Harold Wilfrid Sage

Rank: 
Corporal
Regimental number: 
307769
Unit at enlistment: 
11th Brigade C.F.A., 43rd Battery
Force: 
C.E.F.
Volunteered or conscripted: 
Volunteered
Survived the war: 
Yes
Commemorated at: 
Holy Trinity Anglican Church
Birth country: 
Canada
Birth county: 
Brant
Birth city: 
Brantford, Ontario
Address at enlistment: 
100 Eagle Avenue, Brantford, Ontario
Next of kin address: 
100 Eagle Avenue, Brantford, Ontario
Trade or calling: 
Student
Religious denominations: 
Church of England
Marital status: 
Single
Age at enlistment: 
18

Letters and documents

BX January 26, 1917

Christmas Feed of 43rd Battery – Gunner Harold Sage Tells of Fine Menu enjoyed by the Boys

Mrs. G.H. Sage, 100 Eagle Ave., has received an interesting letter from her son, Gunner Harold Sage, of the 43rd Battery, now in France, in which he details his Christmas feasting. He writes in part:
 
I received your welcome box yesterday, and I was certainly glad to do so, for I made use of all its contents.

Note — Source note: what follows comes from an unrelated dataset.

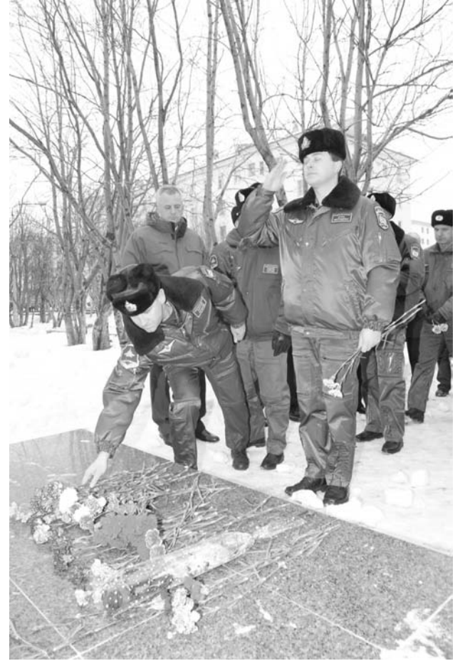
Рука сама взлетает к виску: Апакидзе не только Герой России – он старший по званию.
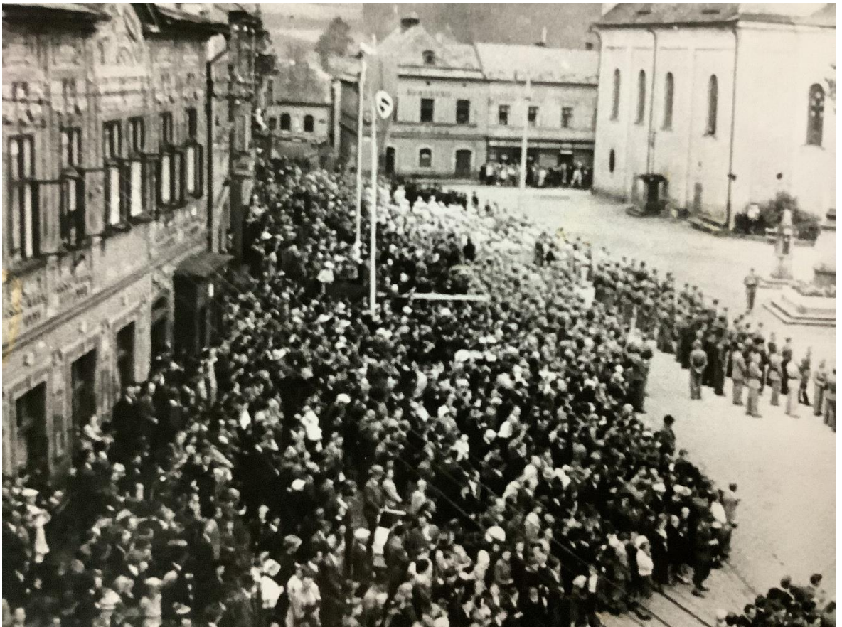
Příloha č. 9 – Veliké cvičení protiletcecké ochrany na náměstí konaného dne 4. 7. 1943.

I am up at the guns again and have a safe place. I am in a dugout, 20 feet under the ground. It is in two sections, each about 25 feet long, 8 feet high and 10 feet wide, and has two entrances. There are four of us in it, and we have a little stove that heats the place in no time.

I ran up against two more of the 125th the other day – Bill Elliott, who used to live behind Lavery’s and Freddie Pinnell who played on the old rugby team. I sure was surprised to see them.

We had our Christmas feed on Dec. 27. The geese came too late for Christmas, so we couldn’t have the feed then, but we made up for it on Wednesday night. We had tomato soup hot, then cold goose and ham, hot mashed potatoes, corn, peas and apple sauce, bread and butter, Christmas pudding and coffee, with cigarettes and Bass’ ale as a side dish.  I was at the officers’ lines then, and the officers hired two rooms in estiminets across from the stables and after the feed we had a good concert, so we didn’t fare too badly after all. Eh, what?

This is the beginning of a new year, and I hope that by this time next year the war will be over and we will be safely home again.
 

Writing to his sister Gunner Sage wrote:
 
I think we will have old Fritz to his knees this summer. We are in “The Valley of Sorrow,” where the French lost 14,000 men at the beginning of the war. We are close to a fair-sized town and we get leave every eight days to go there for the afternoon, to get a bath, see the moving pictures and buy “eats.”  We nearly all got quite a few boxes from home around Christmas, but the quantity is falling off now (much to our sorrow) for “eats” from home are always welcome.